According to a recent analysis of government data performed by LIMRA Secure Retirement Institute, the total amount of student loan debt held by individuals age 65 to 74 has increased sixfold since 1989. Individuals in this age group have gone from having education debt comprise less than 1 percent of their total “installment” debt to having education debt represent about 15 percent of this burden.

Currently, the average amount of education debt held by retirees over age 65 is $2,300. Matters are worse for individuals in the age group approaching retirement (55 to 64) with an average load of $8,000. And of course the under-35 crowd is also facing ever-growing amounts of student debt, with an average of $19,500 in education loans accounting for 70 percent of their installment debt as of 2013. Without careful financial planning, these individuals may very well carry their own student debt into retirement.

Why Worry About Student Loan Debt in Retirement

For anyone on a fixed retirement income, naturally any kind of debt is a concern. However, student loan debt can be especially threatening due to the harsh consequences for nonpayment. If a federal student loan goes into default, the government can withhold your tax refund, garnish any wages you may be earning, and/or withhold a portion of your Social Security benefits until the entire balance of the loan is repaid.

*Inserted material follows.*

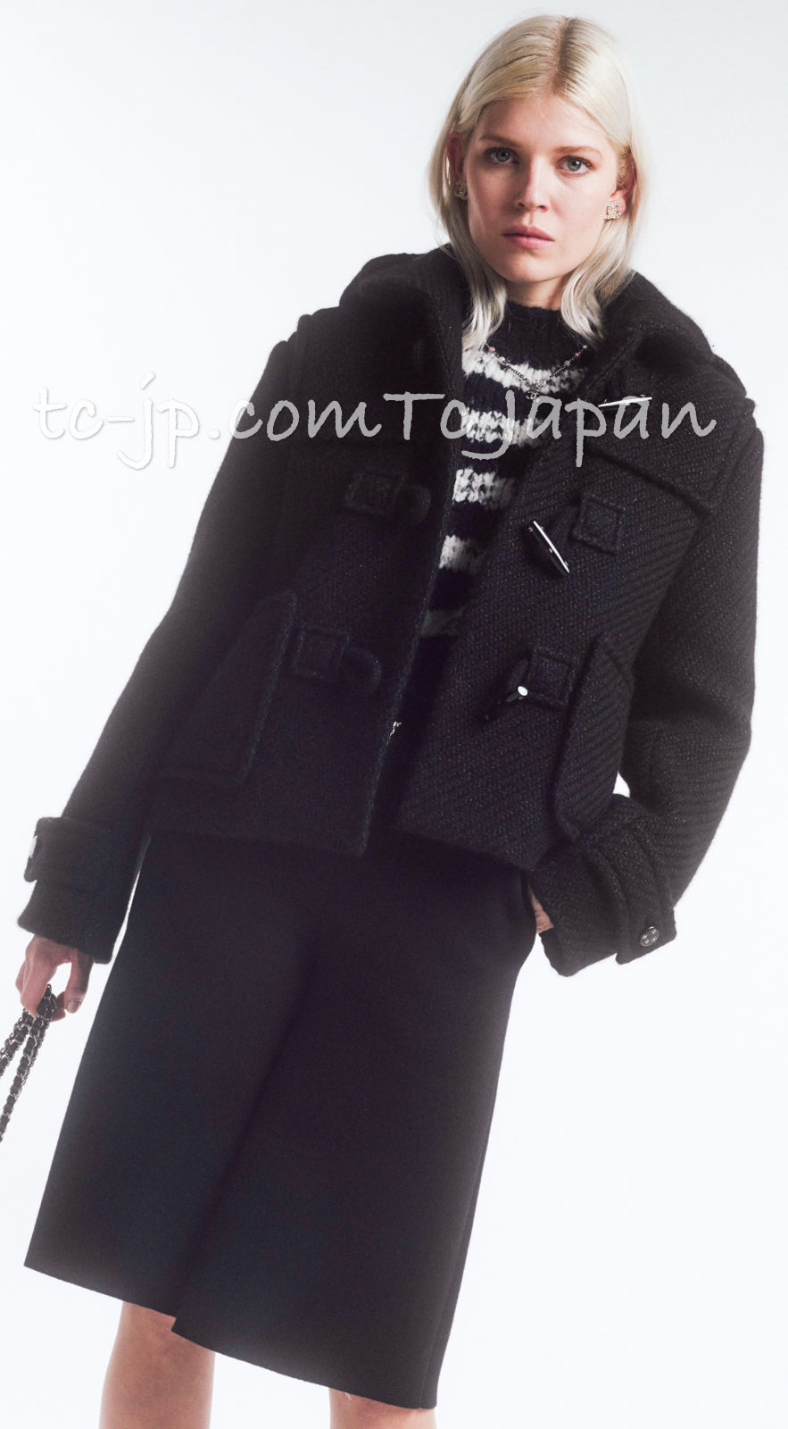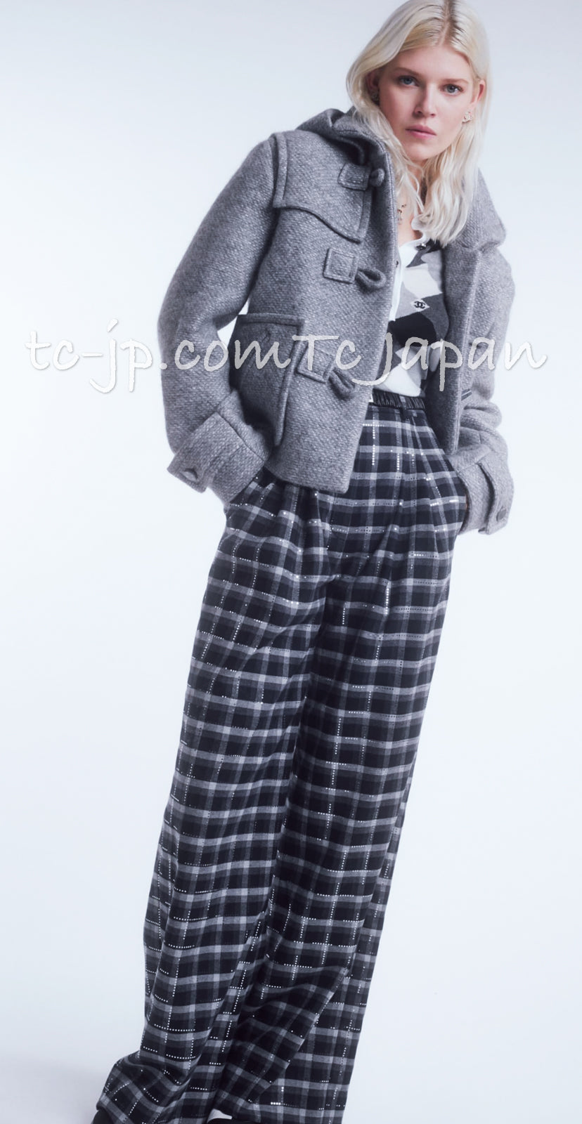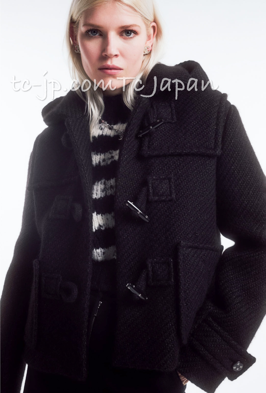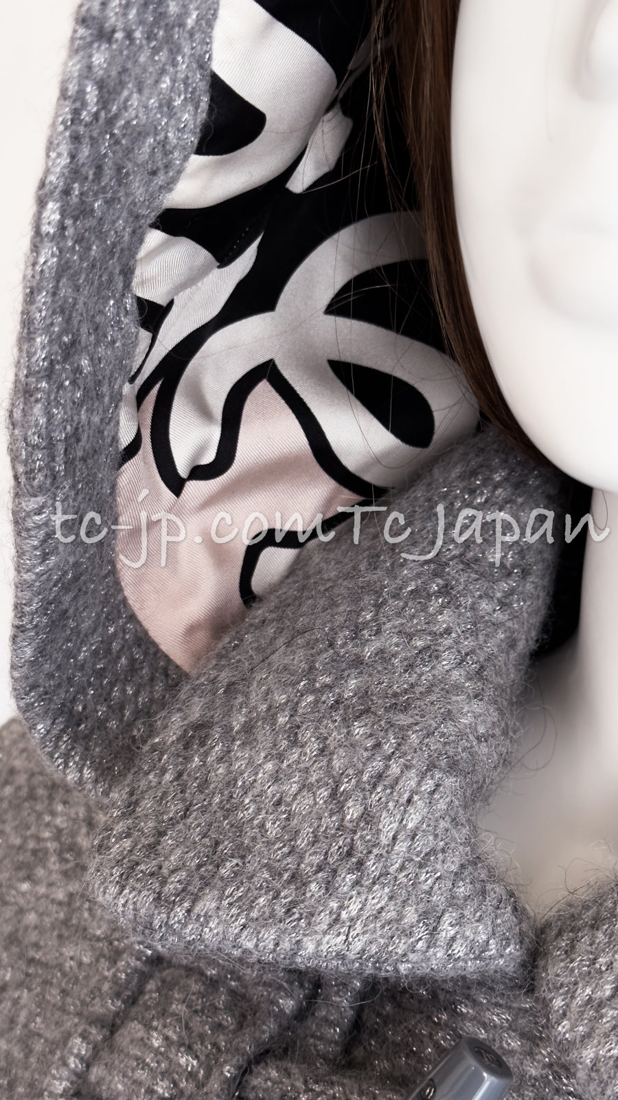 CHANEL 21B Gray Silver Wool Alpaca Blouson Duffel Coat 36 38 42 44 46 シャネル グレー シルバー ウール アルパカ ブルゾン ダッフル コート 即発

According to data from the Treasury Department, Social Security benefits withholding is a growing problem for retirees. Whereas in 2000 they processed 6 cases, in 2012 over 122,000 retirees had their benefits withheld.

Can Bankruptcy Help?

Student loan debt is notoriously hard to discharge in a bankruptcy and most people will not meet the strict hardship requirements needed to accomplish this. However, this does not mean that bankruptcy can’t provide help to retirees and pre-retirees with student loan debt.

What bankruptcy can do is help discharge or restructure other kinds of debts, freeing up cash that can then be used to pay down the student loan debt.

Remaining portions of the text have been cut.